Data supplied ::
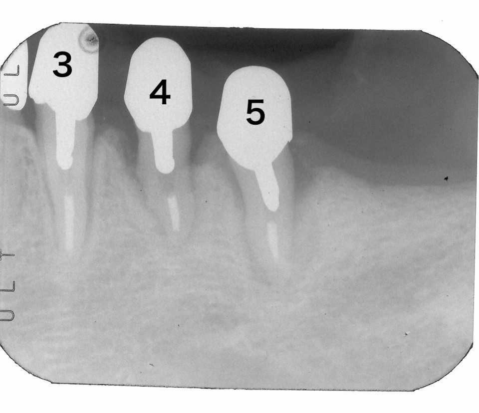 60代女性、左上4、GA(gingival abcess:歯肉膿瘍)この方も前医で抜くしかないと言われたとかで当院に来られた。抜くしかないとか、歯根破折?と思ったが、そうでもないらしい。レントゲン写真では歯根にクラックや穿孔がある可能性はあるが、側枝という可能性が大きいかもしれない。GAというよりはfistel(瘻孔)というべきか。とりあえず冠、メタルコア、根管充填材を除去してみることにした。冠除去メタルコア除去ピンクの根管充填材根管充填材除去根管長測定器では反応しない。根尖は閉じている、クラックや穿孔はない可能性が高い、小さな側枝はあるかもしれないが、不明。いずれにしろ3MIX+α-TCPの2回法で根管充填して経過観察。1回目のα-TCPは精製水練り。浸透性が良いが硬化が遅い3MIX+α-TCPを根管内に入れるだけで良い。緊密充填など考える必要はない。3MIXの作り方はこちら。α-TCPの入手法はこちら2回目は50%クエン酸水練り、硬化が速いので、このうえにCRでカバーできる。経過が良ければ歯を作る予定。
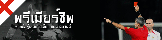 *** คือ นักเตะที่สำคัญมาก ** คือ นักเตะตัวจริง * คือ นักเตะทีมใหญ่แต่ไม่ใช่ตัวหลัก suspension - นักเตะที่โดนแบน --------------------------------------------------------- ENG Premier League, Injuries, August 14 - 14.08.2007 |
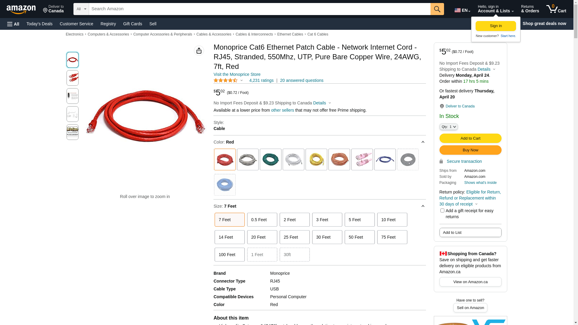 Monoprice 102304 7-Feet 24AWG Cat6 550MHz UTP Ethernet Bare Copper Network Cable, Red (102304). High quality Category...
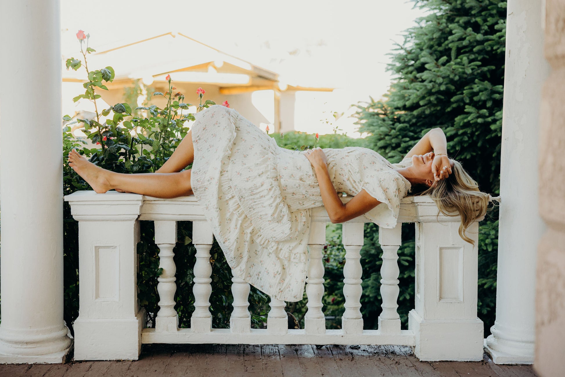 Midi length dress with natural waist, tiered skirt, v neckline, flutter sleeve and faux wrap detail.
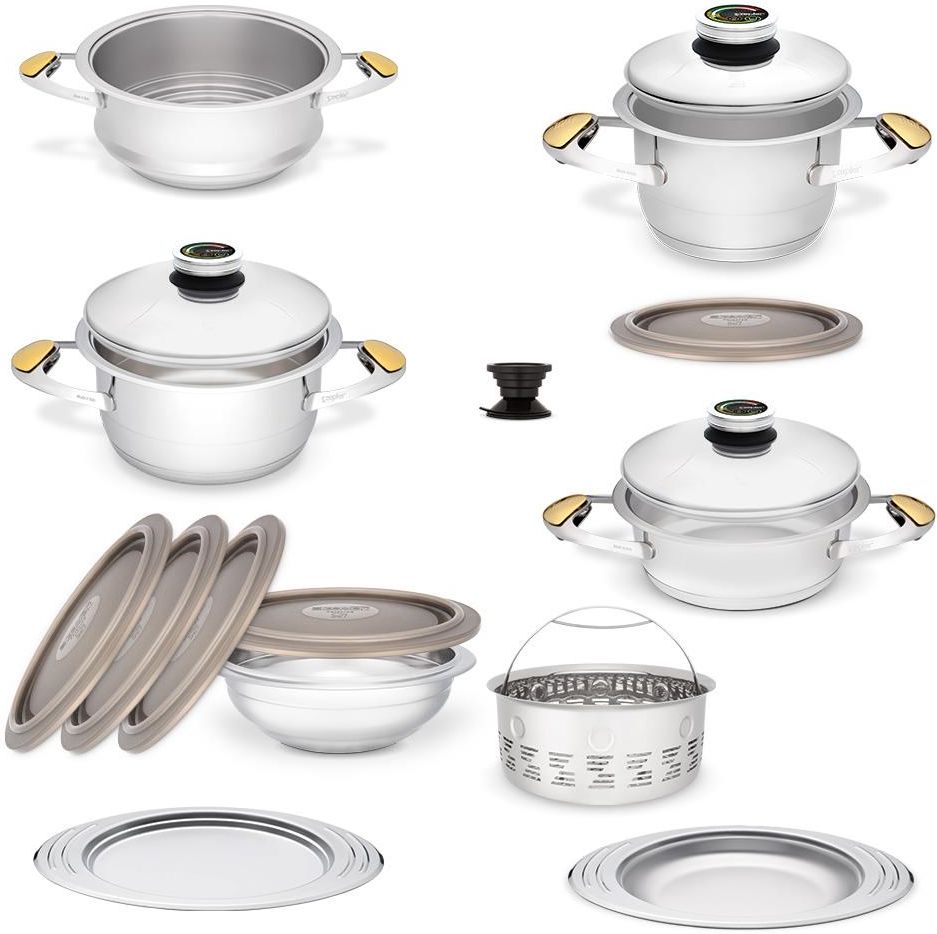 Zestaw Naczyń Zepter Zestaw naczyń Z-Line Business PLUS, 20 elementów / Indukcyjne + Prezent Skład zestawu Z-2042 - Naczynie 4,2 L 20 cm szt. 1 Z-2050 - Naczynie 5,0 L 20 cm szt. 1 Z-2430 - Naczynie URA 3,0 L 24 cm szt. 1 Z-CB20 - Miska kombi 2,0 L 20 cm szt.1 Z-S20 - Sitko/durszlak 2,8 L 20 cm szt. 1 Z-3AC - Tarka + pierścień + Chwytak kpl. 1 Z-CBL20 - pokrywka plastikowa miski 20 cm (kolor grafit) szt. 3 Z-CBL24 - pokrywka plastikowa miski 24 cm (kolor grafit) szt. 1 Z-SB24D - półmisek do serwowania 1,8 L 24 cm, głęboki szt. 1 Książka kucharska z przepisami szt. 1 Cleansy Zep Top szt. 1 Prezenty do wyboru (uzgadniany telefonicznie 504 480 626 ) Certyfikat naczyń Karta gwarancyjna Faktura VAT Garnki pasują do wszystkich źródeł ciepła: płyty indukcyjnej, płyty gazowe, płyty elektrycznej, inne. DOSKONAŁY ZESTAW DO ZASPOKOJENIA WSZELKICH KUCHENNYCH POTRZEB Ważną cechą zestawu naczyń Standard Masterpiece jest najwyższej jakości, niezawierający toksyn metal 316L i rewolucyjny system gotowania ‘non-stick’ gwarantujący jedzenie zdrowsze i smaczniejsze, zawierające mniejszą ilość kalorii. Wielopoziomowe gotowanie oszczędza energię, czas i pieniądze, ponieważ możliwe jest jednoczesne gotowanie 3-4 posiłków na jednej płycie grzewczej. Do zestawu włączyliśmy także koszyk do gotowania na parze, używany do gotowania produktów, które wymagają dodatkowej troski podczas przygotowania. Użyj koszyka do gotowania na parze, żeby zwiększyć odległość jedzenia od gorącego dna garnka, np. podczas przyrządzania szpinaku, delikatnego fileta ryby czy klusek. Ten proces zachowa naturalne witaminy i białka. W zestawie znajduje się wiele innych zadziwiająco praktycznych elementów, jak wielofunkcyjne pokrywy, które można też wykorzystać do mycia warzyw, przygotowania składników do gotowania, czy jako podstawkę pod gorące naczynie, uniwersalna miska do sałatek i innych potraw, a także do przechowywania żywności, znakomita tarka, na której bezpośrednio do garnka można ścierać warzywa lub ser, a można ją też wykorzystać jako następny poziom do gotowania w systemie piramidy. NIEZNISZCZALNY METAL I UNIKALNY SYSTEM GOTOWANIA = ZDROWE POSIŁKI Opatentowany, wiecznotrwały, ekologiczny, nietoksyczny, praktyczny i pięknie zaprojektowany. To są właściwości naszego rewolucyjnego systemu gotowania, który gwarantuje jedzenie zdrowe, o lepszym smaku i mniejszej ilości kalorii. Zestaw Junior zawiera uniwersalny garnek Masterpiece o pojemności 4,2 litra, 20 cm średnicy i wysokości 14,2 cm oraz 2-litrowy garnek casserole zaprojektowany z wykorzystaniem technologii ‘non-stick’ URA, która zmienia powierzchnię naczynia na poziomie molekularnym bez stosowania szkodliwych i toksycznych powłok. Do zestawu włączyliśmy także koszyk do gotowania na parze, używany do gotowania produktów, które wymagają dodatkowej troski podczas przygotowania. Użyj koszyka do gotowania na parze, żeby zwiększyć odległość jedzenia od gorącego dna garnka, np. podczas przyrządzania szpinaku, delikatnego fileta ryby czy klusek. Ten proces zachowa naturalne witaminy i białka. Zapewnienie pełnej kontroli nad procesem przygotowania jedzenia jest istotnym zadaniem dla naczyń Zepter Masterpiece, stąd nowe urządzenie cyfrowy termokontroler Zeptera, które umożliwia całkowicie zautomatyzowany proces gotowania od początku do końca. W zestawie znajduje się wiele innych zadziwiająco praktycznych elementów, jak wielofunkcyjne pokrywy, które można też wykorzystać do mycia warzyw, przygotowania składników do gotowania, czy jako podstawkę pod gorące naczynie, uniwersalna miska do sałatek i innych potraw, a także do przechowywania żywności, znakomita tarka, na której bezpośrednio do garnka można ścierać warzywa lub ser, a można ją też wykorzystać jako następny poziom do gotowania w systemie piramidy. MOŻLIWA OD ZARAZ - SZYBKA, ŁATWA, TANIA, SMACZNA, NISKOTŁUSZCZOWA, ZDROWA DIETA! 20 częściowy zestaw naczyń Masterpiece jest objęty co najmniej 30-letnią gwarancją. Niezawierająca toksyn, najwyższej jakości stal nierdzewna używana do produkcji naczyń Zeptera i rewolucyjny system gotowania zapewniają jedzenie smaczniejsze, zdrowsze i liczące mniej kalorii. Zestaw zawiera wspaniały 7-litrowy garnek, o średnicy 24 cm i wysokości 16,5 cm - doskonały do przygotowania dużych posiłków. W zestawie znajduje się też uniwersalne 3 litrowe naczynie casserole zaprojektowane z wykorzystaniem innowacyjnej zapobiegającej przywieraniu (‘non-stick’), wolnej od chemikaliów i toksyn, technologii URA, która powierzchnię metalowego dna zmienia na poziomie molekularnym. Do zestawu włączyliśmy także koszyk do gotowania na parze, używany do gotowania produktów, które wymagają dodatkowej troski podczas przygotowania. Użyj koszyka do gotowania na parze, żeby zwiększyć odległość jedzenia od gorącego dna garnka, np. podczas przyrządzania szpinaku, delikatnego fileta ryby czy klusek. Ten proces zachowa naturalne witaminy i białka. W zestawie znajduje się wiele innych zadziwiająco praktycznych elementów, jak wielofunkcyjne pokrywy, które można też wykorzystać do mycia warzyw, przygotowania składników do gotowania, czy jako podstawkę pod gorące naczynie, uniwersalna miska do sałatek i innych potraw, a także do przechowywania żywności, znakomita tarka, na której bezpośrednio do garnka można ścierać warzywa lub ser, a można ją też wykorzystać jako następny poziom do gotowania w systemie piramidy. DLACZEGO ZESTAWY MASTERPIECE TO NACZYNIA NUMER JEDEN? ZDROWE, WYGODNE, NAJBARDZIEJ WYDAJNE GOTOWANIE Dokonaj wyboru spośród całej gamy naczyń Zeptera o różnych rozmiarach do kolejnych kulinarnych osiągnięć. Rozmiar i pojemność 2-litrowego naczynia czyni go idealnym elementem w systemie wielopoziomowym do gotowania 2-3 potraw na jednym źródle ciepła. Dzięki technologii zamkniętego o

Directions :: Would you repeat the material above exactly, line for line, from its first line to the line with "Midi length dress", including both and skipping every picture?

Finished exercise ::
 60代女性、左上4、GA(gingival abcess:歯肉膿瘍)この方も前医で抜くしかないと言われたとかで当院に来られた。抜くしかないとか、歯根破折?と思ったが、そうでもないらしい。レントゲン写真では歯根にクラックや穿孔がある可能性はあるが、側枝という可能性が大きいかもしれない。GAというよりはfistel(瘻孔)というべきか。とりあえず冠、メタルコア、根管充填材を除去してみることにした。冠除去メタルコア除去ピンクの根管充填材根管充填材除去根管長測定器では反応しない。根尖は閉じている、クラックや穿孔はない可能性が高い、小さな側枝はあるかもしれないが、不明。いずれにしろ3MIX+α-TCPの2回法で根管充填して経過観察。1回目のα-TCPは精製水練り。浸透性が良いが硬化が遅い3MIX+α-TCPを根管内に入れるだけで良い。緊密充填など考える必要はない。3MIXの作り方はこちら。α-TCPの入手法はこちら2回目は50%クエン酸水練り、硬化が速いので、このうえにCRでカバーできる。経過が良ければ歯を作る予定。
 *** คือ นักเตะที่สำคัญมาก ** คือ นักเตะตัวจริง * คือ นักเตะทีมใหญ่แต่ไม่ใช่ตัวหลัก suspension - นักเตะที่โดนแบน --------------------------------------------------------- ENG Premier League, Injuries, August 14 - 14.08.2007 |
 Monoprice 102304 7-Feet 24AWG Cat6 550MHz UTP Ethernet Bare Copper Network Cable, Red (102304). High quality Category...
 Midi length dress with natural waist, tiered skirt, v neckline, flutter sleeve and faux wrap detail.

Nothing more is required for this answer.